[What is expected] Drop all pictures and repeat exactly the lines from the line holding "Now, sily me" through the end of the records.

☆ ☆ ☆

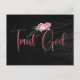 Trust God Christian Postcards Rose or faux parties scintillant typographie calligraphie dit, "Trust Dieu" avec longue tige rose rose. Christian Citations Shop VIkkelynn Designs & Co.
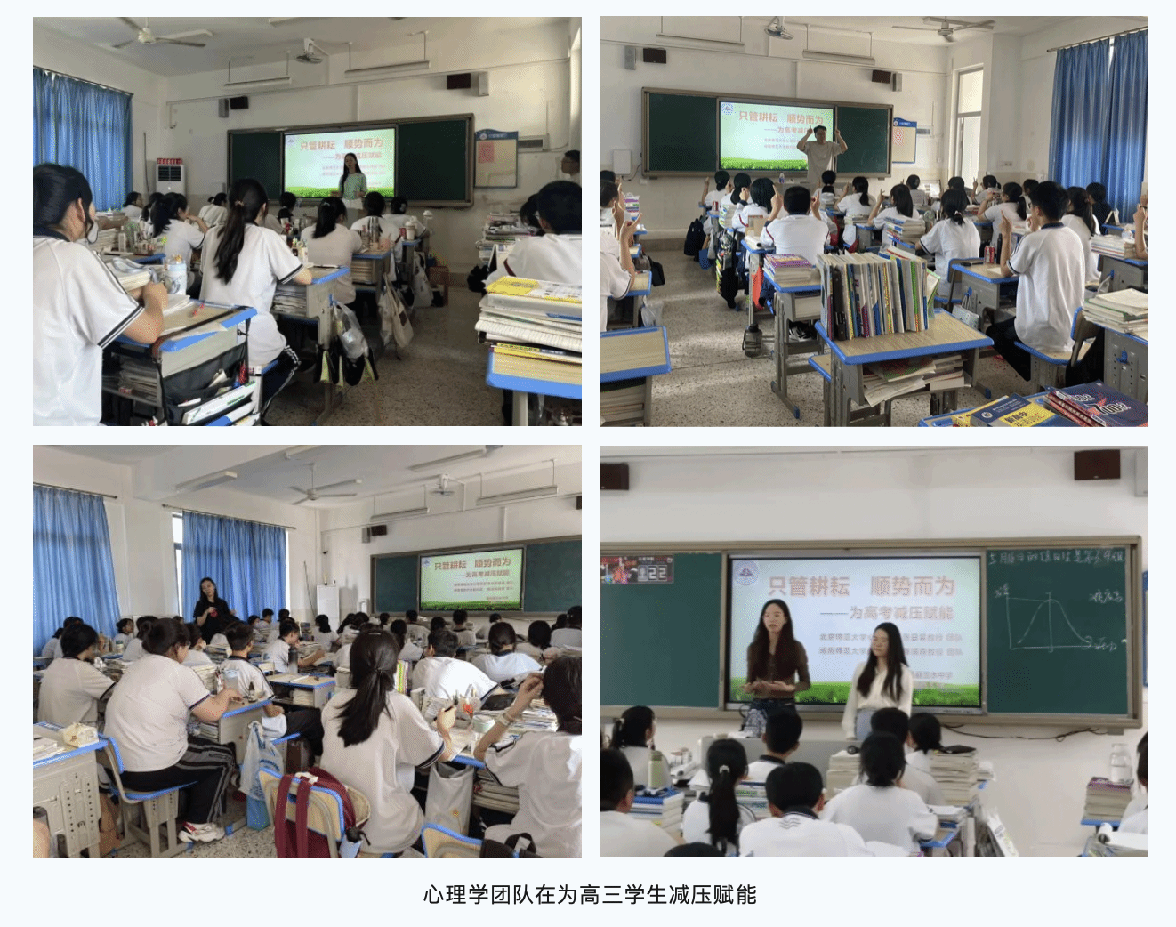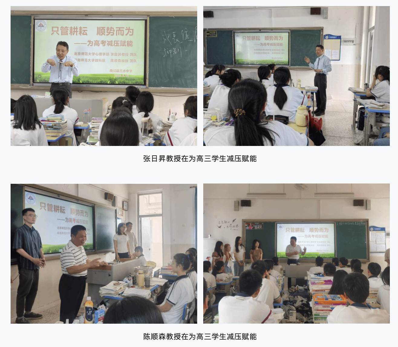 张日昇教授、陈顺森教授带领研究生专业服务团队,深入高三年级各班开展减压赋能活动,结合自身的经历,循序渐进地让学生认识学习压力、焦虑情绪,引导学生增强心理抗压性,切入感受主动学习的积极意义,缓解高考前的焦虑、恐惧、紧张等不良情绪,以“只管耕耘,顺势而为”的心态,顺利度过临考前和考试期间的人生重要时期。
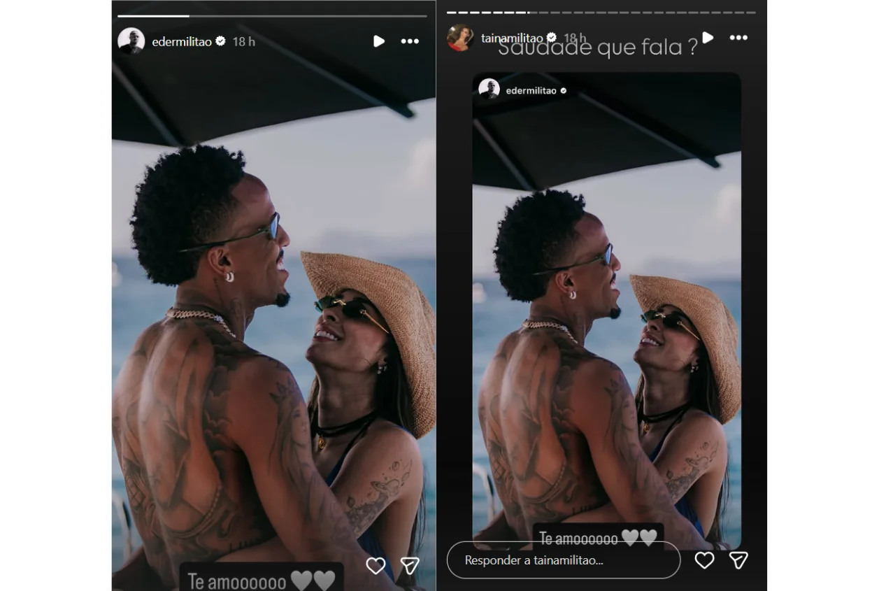 Logo em seguida, no story do Instagram, Éder Militão exibiu o mesmo registro, capturando o sorriso e o entrosamento de ambos diante do cenário litorâneo. Tainá Castro, ao repostar o clique em seu perfil, legendou com a frase “Saudade que fala”, demonstrando reciprocidade aos sentimentos expressos pelo atleta. A troca de declarações públicas evidencia a sintonia entre o casal, que divide momentos de lazer e romantismo em meio à rotina agitada.
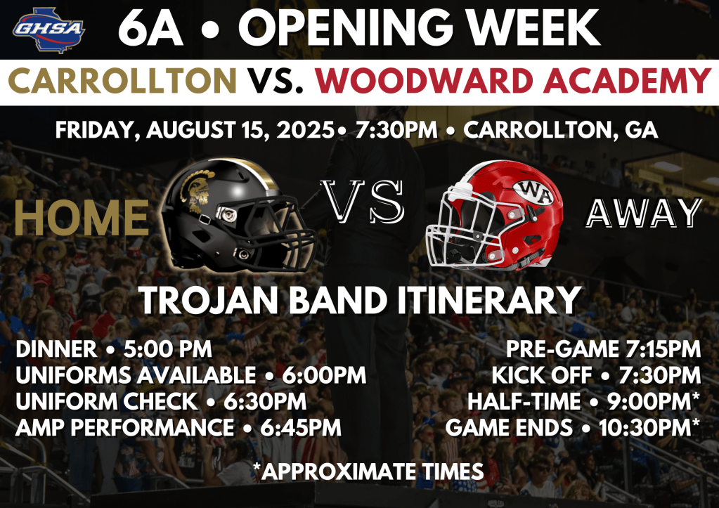 Tonight is our DCI Watch Party! This is a free event for our Trojan Band members and their parents. Bring a camping chair, beanbag, or picnic blanket, and camp out in the band room for the festivities. Food will be available, but we ask students to bring drinks and snacks to share. This is a fun night of fellowship while watching the best corps of the year to determine who will earn the World Championship title for 2025.
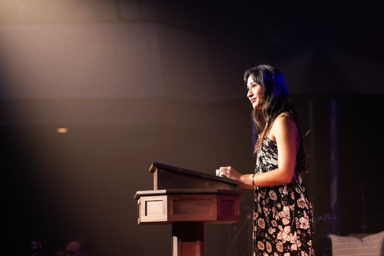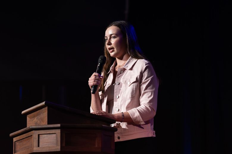 Annie Cellar, president of TCU’s Turning Point USA chapter, speaks to attendees Oct. 7, 2025, at Birchman Baptist Church in Fort Worth. (Maria Crane | Fort Worth Report/CatchLight Local/Report for America)
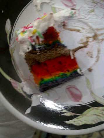 Now, sily me I forgot to take pictures of the cake before serving. but then I asked him to take photo of the cake after cutting. He send me this poorly shot photos. Boo.. But who am I to complain, miss-I-still-use-my-blackberry-camera-for-everything.
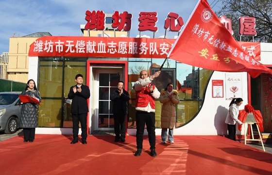 12月15日,潍坊市无偿献血志愿服务队安丘分队成立启动仪式在安丘市爱心献血屋温暖启幕,启动仪式中进行了授旗和“学雷锋志愿服务基地”揭牌活动。
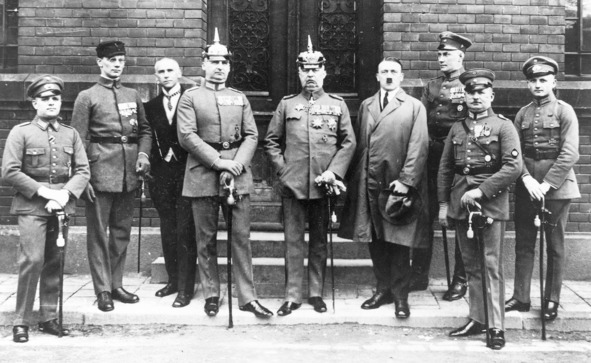 Вожди «Пивного путча» 1923 года. Слева на право: Гейнц Пернет, Фридрих Вебер, Вильгельм Фрик, Герман Крибель, Эрих фон Людендорф, Адольф Гитлер, Вильгельм Брюкнер, Эрнст Рем, Роберт Генрих Вагнер

☆ ☆ ☆

[Result]
 Now, sily me I forgot to take pictures of the cake before serving. but then I asked him to take photo of the cake after cutting. He send me this poorly shot photos. Boo.. But who am I to complain, miss-I-still-use-my-blackberry-camera-for-everything.
 12月15日,潍坊市无偿献血志愿服务队安丘分队成立启动仪式在安丘市爱心献血屋温暖启幕,启动仪式中进行了授旗和“学雷锋志愿服务基地”揭牌活动。
 Вожди «Пивного путча» 1923 года. Слева на право: Гейнц Пернет, Фридрих Вебер, Вильгельм Фрик, Герман Крибель, Эрих фон Людендорф, Адольф Гитлер, Вильгельм Брюкнер, Эрнст Рем, Роберт Генрих Вагнер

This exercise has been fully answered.